No stall on these Gary. Also remember that these are flown only during relatively calm weather. Need a sport license.


----------



## charly (Mar 25, 2013)

No sport pilot license needed, less then 254 lbs and no more then 5 gallons of gas plus one seater.. Part 103 of the FAR'S,,, Just need proper instruction.. Only way to stall this would be to hold the brake toggles way down until the wing stopped flying, then letting up on the brakes the wing would recover,, granted you need altitude as well.. Generally flown with less the 10mph ground winds... A very affordable way to fly, about a gallon an hour for fuel cost...


----------



## Jack Straw (Mar 25, 2013)

Come on *over..... *


----------



## Gary_602z (Mar 25, 2013)

charly said:


> No sport pilot license needed, less then 254 lbs and no more then 5 gallons of gas plus one seater.. Part 103 of the FAR'S,,, Just need proper instruction.. Only way to stall this would be to hold the brake toggles way down until the wing stopped flying, then letting up on the brakes the wing would recover,, granted you need altitude as well.. Generally flown with less the 10mph ground winds... A very affordable way to fly, about a gallon an hour for fuel cost...

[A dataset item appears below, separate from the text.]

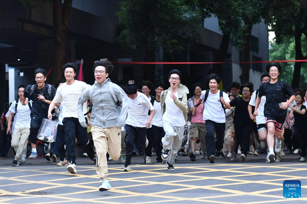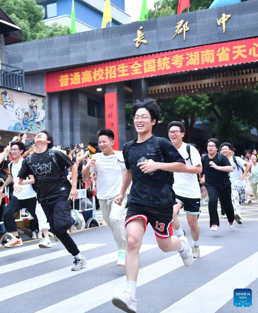 Students run out of a national college entrance examination site in Changsha City, central China's Hunan Province, June 9, 2025. China's national college entrance exam, also known as the gaokao, began on June 7 this year. The exam in some regions has ended on Monday. (Xinhua/Chen Zhenhai)
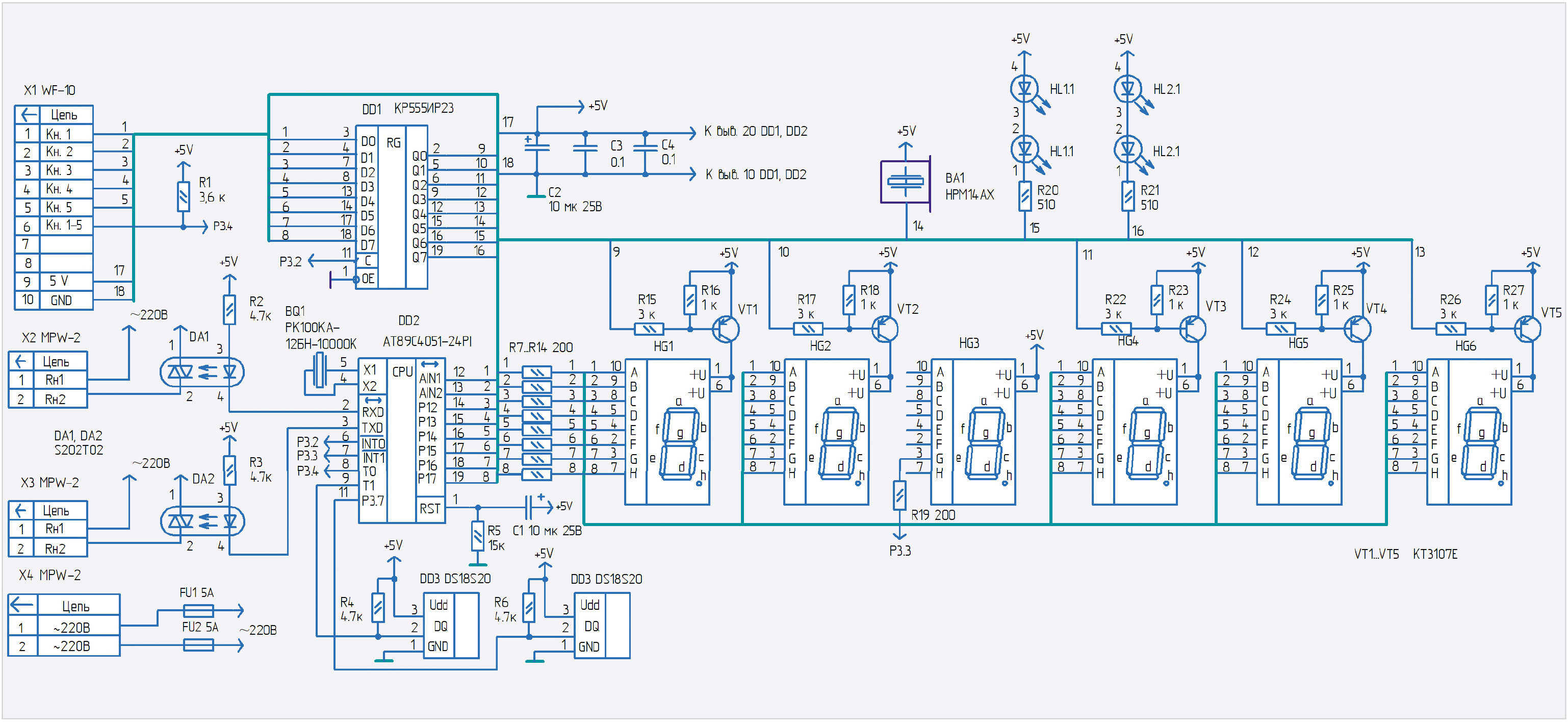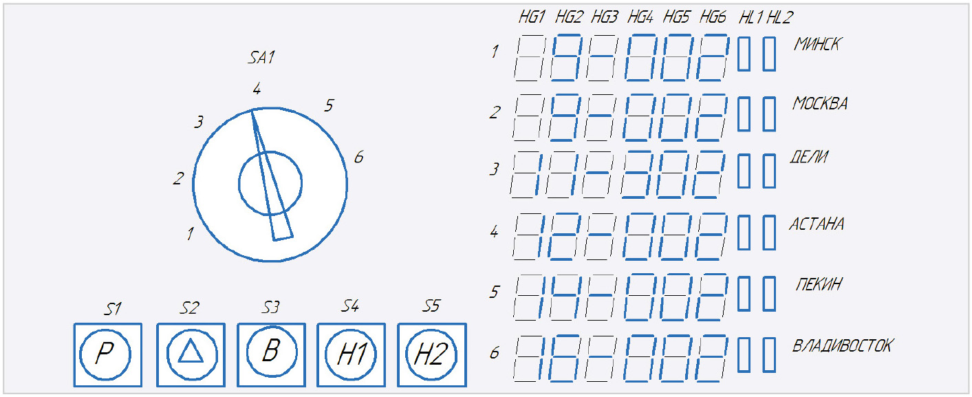 Позиционные обозначения элементов интерфейса: SA1, S1…S5, HG1…HG6, HL1, HL2 на рис. 3 приведены условно. Они показаны для понимания работы устройства в целом и совпадают с позиционными обозначениями, приведёнными на рис. 1 и 2. Цифровое табло устройства содержит шесть строк. Каждая строка содержит шесть семисегментных индикаторов и две световые полосы. Элементы строки № 1 (HG1…HG6 и световые полосы HL1, HL2) (маркировка строки – МИНСК) установлены на часах № 1. Элементы строки № 2 (маркировка МОСКВА) установлены на часах № 2 и т.д. Соединитель Х1 часов № 1 подключается к соединителю Х2 платы клавиатуры (рис. 2). Соединитель Х1 часов № 2 подключается к соединителю Х3 платы клавиатуры и т.д. Соответственно, соединитель Х1 часов № 6 подключается к соединителю Х7 платы клавиатуры.

Might have to look into these!  What are the normal TO and Landing lengths needed? What kind of speeds cruising and landing?  Naw, the Dragon Lady would kill me!

Gary


----------



## charly (Mar 25, 2013)

Gary_602z said:


> Might have to look into these! What are the normal TO and Landing lengths needed? What kind of speeds cruising and landing? Naw, the Dragon Lady would kill me!
> 
> Gary


75-100 feet for take off,,,, couple of hundred feet to land..Cruise is about 26mph..You can get different wings to get a faster cruise, etc.  I like for 12 dollars in fuel you can hang out in the air for 3 -r hours with reserve left... That's a long time in the sky which means you can actually cover some distance.. 80 mile round trip easily...  I have a 1400 ft long field on my farm... my field of dreams


----------



## charly (Mar 25, 2013)

Jack Straw said:


> Come on *over..... *


Jack are you a flyer as well?


----------



## Jack Straw (Mar 25, 2013)

charly said:


> Jack are you a flyer as well?


 
No, just wanted to see you fly over the house


----------



## charly (Mar 25, 2013)

Jack Straw said:


> No, just wanted to see you fly over the house


I'll let you know when I get her home..Right now my machine is 5 hours away in Jamestown, NY where I'm training... Here's what I did before the Quad set up... Very popular... 2 stroke back pack unit, foot launching... A great way to fly as well... best seat in the sky! I took paragliding lessons first over in Millerton, NY, earned my P2 novice rating and then added the motor ,, went to California for 10 days to train... This was my very first flight...


----------



## bogydave (Mar 25, 2013)

Mine is an old Skyrider by 
six chuter: http://www.sixchuter.com/
lots of fun 
https://www.hearth.com/talk/threads/having-fun-with-the-ppc.88153/#post-1142727


----------